Bagi para pengusungnya, negara hanya bisa disebut Islami jika perangkat hukum Islam diterapkan secara formal dan menyeluruh di dalam kehidupan berbangsa dan bernegara. Logikanya, tanpa legalitas syari’ah, identitas keislaman negara dianggap tidak sempurna.

Namun, pendekatan semacam itu nyatanya menyimpan sejumlah persoalan mendasar. Pertama, formalisasi syari’ah sering kali bertabrakan dengan prinsip pluralisme dan kebinekaan yang ada di sebuah negara. Indonesia, misalnya, adalah negara dengan beragam agama, etnis, dan budaya. Menjadikan syari’ah sebagai hukum formal bagi seluruh warga negara otomatis mengabaikan hak-hak komunitas non-muslim yang dijamin konstitusi.

Dalam jangka panjang, hal ini dapat melahirkan ketidakadilan struktural dan memicu konflik horizontal di antara sesama masyarakat Indonesia. Islam sebagai agama rahmatan lil ‘alamin justru akan dipersepsikan sebagai kekuatan eksklusif dan diskriminatif.

Kedua, sejarah membuktikan bahwa Islam dapat hidup dan berkembang tanpa harus dilekatkan pada bentuk negara yang seragam. Pada masa Nabi Muhammad di Madinah, misalnya, prinsip yang ditegakkan adalah Piagam Madinah, sebuah kontrak sosial yang mengakui hak semua kelompok, termasuk kaum Yahudi dan non-muslim lainnya.

Pada saat itu, tidak ada pemaksaan tunggal dalam bentuk formalisasi hukum Islam bagi semua pihak. Yang diutamakan adalah terciptanya keadilan, keamanan, dan tata hidup bersama yang harmonis. Dengan kata lain, keislaman sebuah negara tidak terletak pada simbol hukum formal, tetapi pada praksis nilai-nilai etis yang menjunjung keadilan dan kemaslahatan.

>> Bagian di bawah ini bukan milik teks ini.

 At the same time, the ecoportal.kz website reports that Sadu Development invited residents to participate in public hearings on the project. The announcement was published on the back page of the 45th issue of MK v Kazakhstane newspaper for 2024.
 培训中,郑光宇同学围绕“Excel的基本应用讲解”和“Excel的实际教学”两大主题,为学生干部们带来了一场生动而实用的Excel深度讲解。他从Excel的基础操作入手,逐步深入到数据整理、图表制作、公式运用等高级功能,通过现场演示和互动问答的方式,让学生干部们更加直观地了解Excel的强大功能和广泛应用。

Ketiga, formalisasi syari’ah kerap melahirkan reduksi Islam yang sempit. Islam kemudian dipersempit hanya pada aspek hukum, sementara dimensi moral, spiritual, dan sosial yang jauh lebih luas terabaikan. Padahal, negara Islami yang sejati seharusnya adalah negara yang menghadirkan keadilan sosial, menghapus kesenjangan, melindungi kelompok lemah, menegakkan etika kepemimpinan, dan memastikan kesejahteraan masyarakat dan rakyat.

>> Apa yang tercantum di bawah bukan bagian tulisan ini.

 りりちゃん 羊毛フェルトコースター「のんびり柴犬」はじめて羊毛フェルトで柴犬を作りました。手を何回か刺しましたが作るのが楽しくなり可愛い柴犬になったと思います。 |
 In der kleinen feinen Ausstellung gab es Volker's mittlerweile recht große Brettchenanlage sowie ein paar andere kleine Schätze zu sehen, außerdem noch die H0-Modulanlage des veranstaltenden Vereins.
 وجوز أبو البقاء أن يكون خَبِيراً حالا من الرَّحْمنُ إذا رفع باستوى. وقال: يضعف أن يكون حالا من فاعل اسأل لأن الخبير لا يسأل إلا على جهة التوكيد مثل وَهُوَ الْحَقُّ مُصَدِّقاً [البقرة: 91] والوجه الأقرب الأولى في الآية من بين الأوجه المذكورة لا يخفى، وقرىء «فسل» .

Memang, sebagian kalangan berargumen bahwa tanpa formalisasi syari’ah, Islam akan tercerabut dari ruang publik dan hanya menjadi urusan privat. Namun, pandangan ini perlu diluruskan. Justru dengan tidak dipaksakan secara formal, Islam dapat hadir lebih otentik melalui keteladanan sosial, budaya, dan moral yang lebih luas. Islam tidak lagi dipersepsikan sebagai instrumen paksaan negara, melainkan sebagai inspirasi hidup bersama. Seorang muslim yang jujur, adil, dan amanah dalam jabatan publik, jauh lebih merepresentasikan nilai Islam ketimbang segudang undang-undang syari’ah yang tidak dijalankan dengan konsisten.

Dalam konteks Indonesia, Pancasila sesungguhnya telah menjadi ruang sintesis antara aspirasi keagamaan dan kebangsaan. Sila pertama, “Ketuhanan Yang Maha Esa”, menegaskan bahwa negara berdiri atas fondasi religius tanpa memaksakan agama tertentu. Prinsip ini memungkinkan umat Islam mengaktualisasikan ajaran agamanya dalam kehidupan bernegara secara bebas dan merdeka, tanpa harus menegasikan keberadaan kelompok lain.

Dengan demikian, membangun “Negara Islami” sebenarnya tidak harus dilakukan dengan cara memformalisasi syari’ah. Justru yang lebih penting dan mendesak adalah bagaimana spirit syari’ah, yang menekankan keadilan dan kemaslahatan, dapat meresap dalam institusi dan kebijakan negara. Negara Islami bukanlah proyek simbolik, melainkan sebuah cita-cita etis: negara yang adil, egaliter, jujur, dan berorientasi pada kesejahteraan rakyat. Inilah tantangan sejati yang harus dihadapi, jauh melampaui sekadar perdebatan formalitas hukum.